さつまいもを使った郷土料理、ご当地料理はどれくらいあるの?

秋になると、思わず恋しくなるのが、ほくほく甘いさつまいも。いまや「さつまいも展」が開催されるほどの人気ぶりで、まさにブームといえる盛り上がりを見せています。昔から日本人に親しまれてきた秋の味覚ですが、地域ごとにその食べ方や楽しみ方はさまざま。

旅行先で食べた焼き芋やスイートポテトの味が忘れられない…そんな経験をした方も多いのではないでしょうか。日本各地には、土地の風土や文化の中で育まれた“ご当地さつまいも料理(郷土料理)”がたくさんあります。素朴で懐かしい家庭料理から、創意工夫あふれるスイーツまで、その種類は数えきれないほど。

今回は、そんな全国各地で愛されるさつまいも料理をまとめてご紹介します。さらに、家庭でも気軽に作れる簡単レシピも最後に掲載しました。秋の味覚を通して、地域の温もりとお芋の奥深い魅力を一緒に味わってみましょう。

さつまいも郷土料理・ご当地料理の数は?

さつまいも郷土料理・ご当地料理の数は?

今回の調査で確認できたさつまいものご当地料理や郷土料理は、約40種類にも上りました。しかし、実際にはそれ以上に多くの料理が各地に存在していると考えられます。というのも、地域によって料理名や作り方が少しずつ異なり、同じ料理でも呼び名がまったく違うケースが多いからです。

たとえば「いももち」と呼ばれる料理ひとつをとっても、「ねったぼ」「ねったくり」「ねりくり」「ねったんぼ」「からいもねったぽ」「からいも餅」など、多彩な呼称があります。まるで方言や擬音語のような響きをもつ名前が並び、「これもさつまいも料理なのか?」「同じものを指しているのか?」と迷ってしまうほど。その土地ならではの言葉や文化が、料理名にも色濃く表れているのです。

たとえば「いももち」と呼ばれる料理ひとつをとっても、「ねったぼ」「ねったくり」「ねりくり」「ねったんぼ」「からいもねったぽ」「からいも餅」など、多彩な呼称があります。

こうした多様性が生まれた背景には、さつまいもの長い歴史があります。1600年頃、中南米から中国を経て日本に伝わったさつまいもは、やせた土地でもよく育つことから、食糧難を救う作物として全国に広まりました。そして、各地域の風土や気候、食文化に合わせて少しずつ形を変えながら、独自の料理として根づいていったのです。

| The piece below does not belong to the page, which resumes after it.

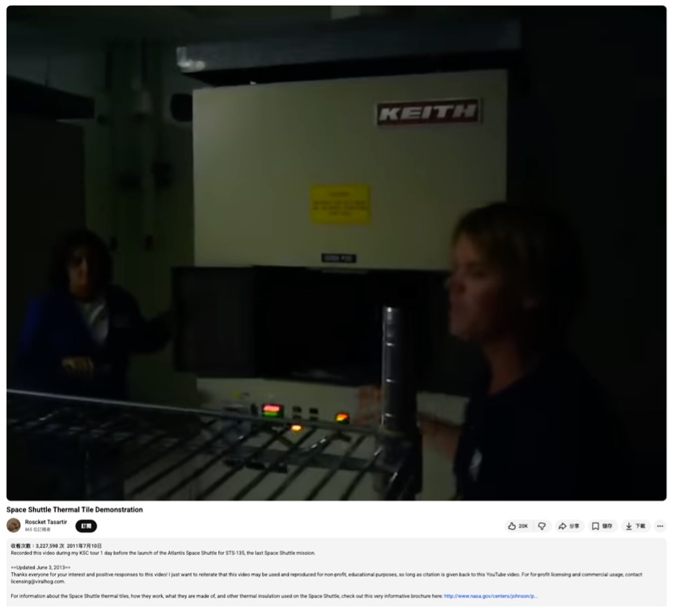 圖二:YouTube用戶「Rosket Tasartir」於2011年7月10日發布的影片,顯示在甘迺迪太空中心演示隔熱瓦特性。

今回の調査で改めて感じたのは、さつまいもご当地料理の正確な数を把握するのは難しいということ。そして、地域ごとに工夫されながらも、基本の材料や作り方には共通点が多いということでした。さつまいも料理は、長い年月の中で土地の人々に寄り添い、ゆっくりと姿を変えながら受け継がれてきた、まさに“日本の食文化そのもの”といえるのかもしれません。

ご当地料理にはどんなものがある?

ここでは、全国各地で今も受け継がれている、昔ながらの郷土料理を中心にご紹介します。どの料理にも、地域の風土や人々の暮らしが息づいており、さつまいもがいかに日本の食文化に深く根づいてきたかが感じられます。家庭の食卓で代々作られてきた素朴な味わいや、祝い事など特別な日に振る舞われてきた一品など、それぞれの土地の物語とともにお楽しみください。

鬼まんじゅうと石垣もち

鬼まんじゅうと石垣もち

愛知県の「鬼まんじゅう」と大分県の「石垣もち」は、どちらもさつまいもと小麦粉を使って作られる、素朴で温かみのある郷土菓子です。見た目はまるで蒸しパンのようで、ふっくらとした生地の中に、角切りのさつまいもがごろごろと詰まっています。

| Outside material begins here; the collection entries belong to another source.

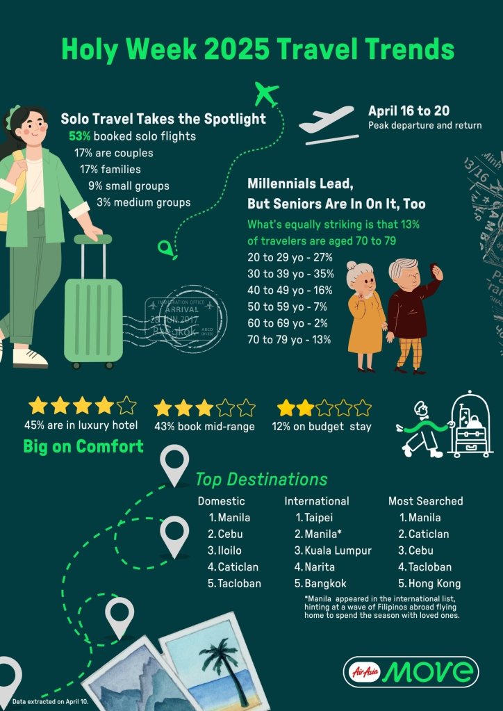 According to the latest insights from AirAsia MOVE, Filipinos are making the most of this long break to explore, reconnect, and reset, whether flying home, taking bucket-list trips, or enjoying some well-deserved me-time.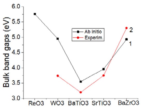 As a next step, by means of B3LYP or B3PW (Table 4 and Figure 6) hybrid exchange-correlation functionals, at the ab initio level, we computed the ReO3, WO3, BaTiO3, SrTiO3 and BaZrO3 bulk Γ-Γ bandgaps. As we can see from Table 4 and Figure 6, our B3LYP computed ReO3 bulk Γ-Γ bandgap is equal to 5.76 eV. This is a theoretical prediction since, to the best of our knowledge, there is no experimental bandgap yet detected for the ReO3 matrix at Γ-point. Our computed WO3 bulk Γ-Γ bandgap (4.95 eV) by 1.21 eV exceeds the WO3 experimentally detected [] bulk Γ-Γ bandgap (Table 4). Determined by means of the B3PW hybrid exchange-correlation functional ab initio, our computed BaTiO3 (3.55 eV), SrTiO3 (3.96 eV) and BaZrO3 (4.93 eV) bulk Γ-Γ bandgaps are in a fair agreement with the experimentally measured bulk Γ-Γ bandgaps for BaTiO3, SrTiO3 and BaZrO3 perovskites (3.2 eV, 3.75 eV and 5.3 eV, respectively) (Table 4 and Figure 6).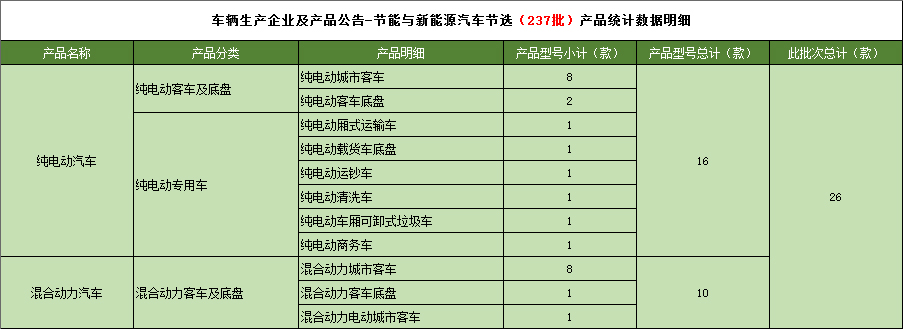 工业和信息化部于2012年6月7日发布《道路机动车辆生产企业及产品(第237批),节能与新能源汽车年鉴编制办公室统计如下:

鬼まんじゅうは、角ばったさつまいもが生地の表面に顔を出す様子が「鬼のツノ」に見えることからその名がついたといわれています。一方の石垣もちは、石垣のようにゴツゴツとした見た目が特徴で、もちもちとした食感とやさしい甘さが魅力です。どちらも素材の味を生かした飽きのこないおいしさで、子どもからお年寄りまで幅広く愛されています。

いももち

いももち

蒸したさつまいもに、もち米やきな粉を合わせて作るお餅は、日本各地で親しまれている郷土の味です。ふんわりやわらかく、ほのかな甘みが口いっぱいに広がるこのお餅は、どの地域でも家庭のぬくもりを感じさせてくれる一品。基本の作り方は似ていますが、あんこを包む地域もあれば、素朴にきな粉をまぶすだけの地域もあり、その土地ごとに少しずつ個性があります。

呼び名も実にさまざまで、和歌山県・徳島県・高知県では「いももち」、宮崎県では「ねったぼ」、鹿児島県では「からいもねったぽ」などと呼ばれています。名前を聞くだけでも、地域の言葉や風土が伝わってくるようですね。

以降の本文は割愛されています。